**Records supplied**.
□ □ □ □ □ □ □
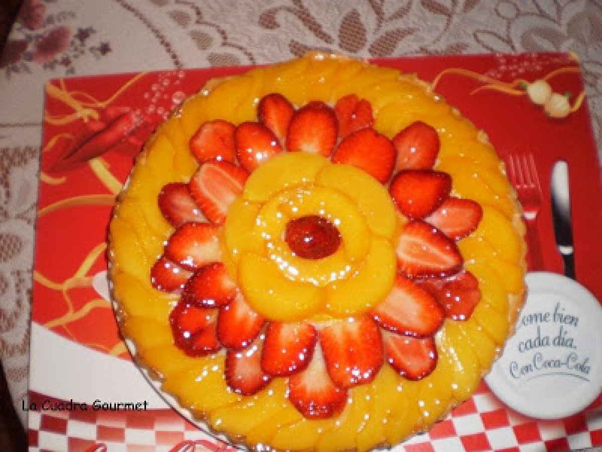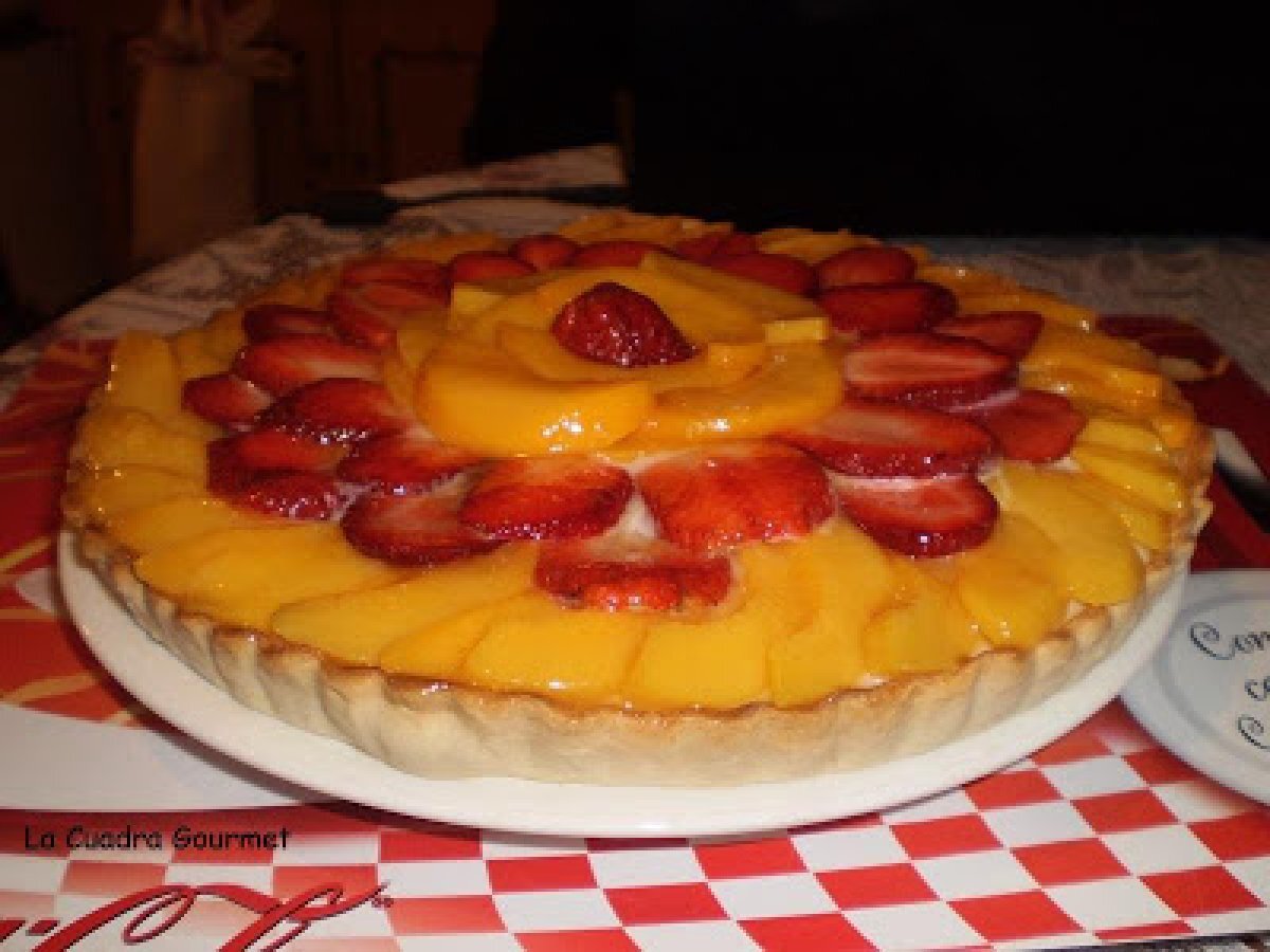 Tartaleta de melocotones y fresas AnteriorSiguiente PostreMedio1 h 5 m Enviar esta receta a un amigo Imprimir esta página Preguntar al autor Publicar la foto de esta receta Ingredientes 8 Para la base: Masa sableé. 250 grs. de harina de trigo. 125 grs. de azúcar glass. 125 grs. de mantequilla. 1 huevo. 1 pizca de sal. Aromas Para el Relleno: Crema pastelera. 30 grs. de fécula de maíz 80 grs. de azúcar. 350 ml. de leche. 35 grs. de mantequilla. 1 huevo Vainilla al gusto. Lata de melocotones en almíbar. Fresas o fresones.
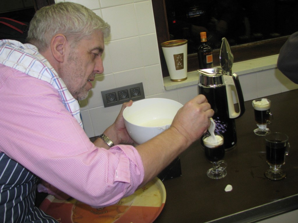 - Stort het beslag in de Irish coffee glazen en laat nog ongeveer een vinger ruimte voor de slagroom achteraf.
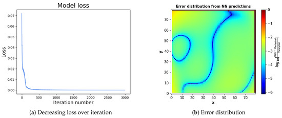 32)) were incorporated into the designed neural networks. After training, the loss history and prediction error distribution are shown in
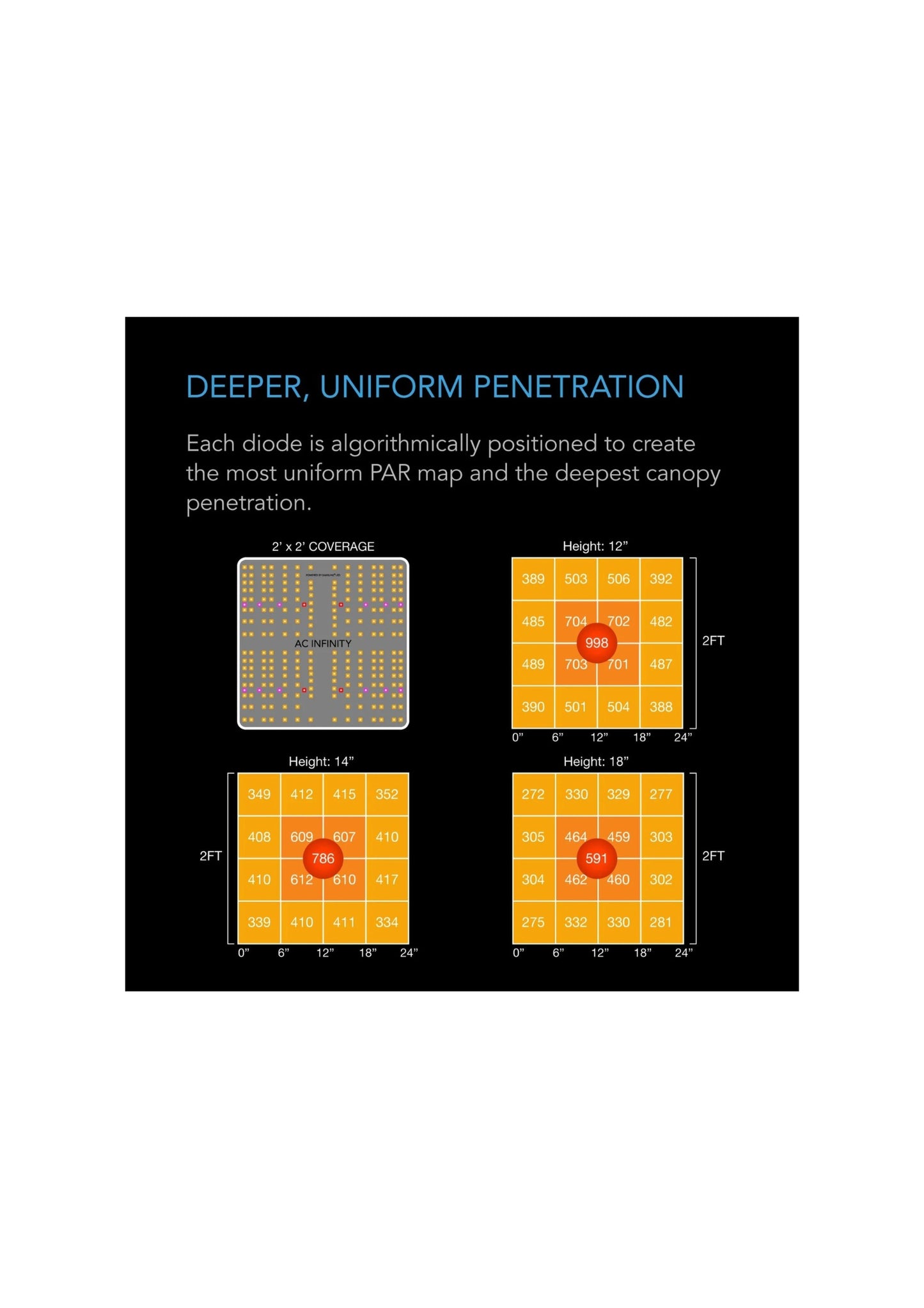 The AC Infinity Ionboard S22 100W Full Spectrum LED Grow Light is engineered for optimal plant growth across all stages. Featuring Samsung LM301B diodes, it delivers a balanced spectrum of 3000K, 6500K, 660nm, and 730nm wavelengths, ensuring efficient photosynthesis and robust plant development. The light covers a 2x2 ft area, providing uniform light distribution with a PPF of 998 µmol/s and an efficacy of 2.7 µmol/J. Its fanless, unibody aluminum design promotes heat dissipation, enhancing diode longevity. The included dimmable driver allows for 0–100% brightness adjustment, and the system supports daisy chaining and integration with AC Infinity's smart controllers for automated grow cycles and scheduling.
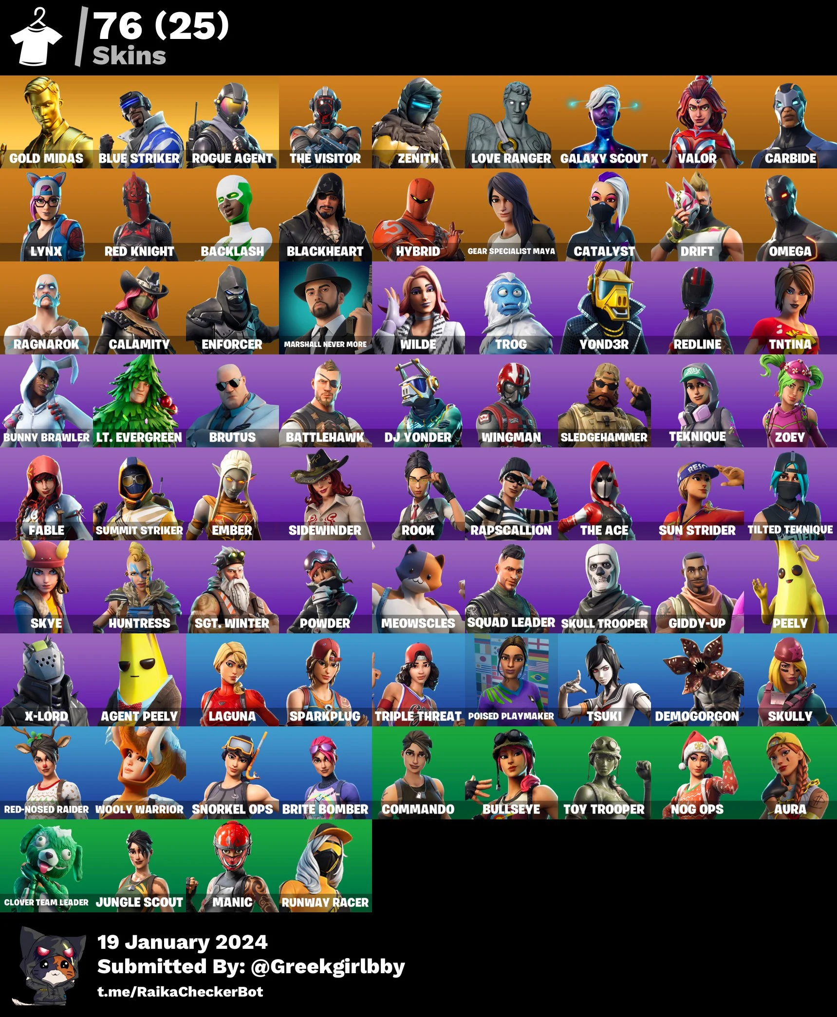 [PC/XBOX] 76 skins | Gold Midas | Blue Striker | Rogue Agent | The Visitor | Orange Justice| Galaxy Scout | Mail Guarantee
□ □ □ □ □ □ □
**Exercise requirements**. Exclude every picture and copy the remaining data exactly.

**Answer for this exercise**.
 Tartaleta de melocotones y fresas AnteriorSiguiente PostreMedio1 h 5 m Enviar esta receta a un amigo Imprimir esta página Preguntar al autor Publicar la foto de esta receta Ingredientes 8 Para la base: Masa sableé. 250 grs. de harina de trigo. 125 grs. de azúcar glass. 125 grs. de mantequilla. 1 huevo. 1 pizca de sal. Aromas Para el Relleno: Crema pastelera. 30 grs. de fécula de maíz 80 grs. de azúcar. 350 ml. de leche. 35 grs. de mantequilla. 1 huevo Vainilla al gusto. Lata de melocotones en almíbar. Fresas o fresones.
 - Stort het beslag in de Irish coffee glazen en laat nog ongeveer een vinger ruimte voor de slagroom achteraf.
 32)) were incorporated into the designed neural networks. After training, the loss history and prediction error distribution are shown in
 The AC Infinity Ionboard S22 100W Full Spectrum LED Grow Light is engineered for optimal plant growth across all stages. Featuring Samsung LM301B diodes, it delivers a balanced spectrum of 3000K, 6500K, 660nm, and 730nm wavelengths, ensuring efficient photosynthesis and robust plant development. The light covers a 2x2 ft area, providing uniform light distribution with a PPF of 998 µmol/s and an efficacy of 2.7 µmol/J. Its fanless, unibody aluminum design promotes heat dissipation, enhancing diode longevity. The included dimmable driver allows for 0–100% brightness adjustment, and the system supports daisy chaining and integration with AC Infinity's smart controllers for automated grow cycles and scheduling.
 [PC/XBOX] 76 skins | Gold Midas | Blue Striker | Rogue Agent | The Visitor | Orange Justice| Galaxy Scout | Mail Guarantee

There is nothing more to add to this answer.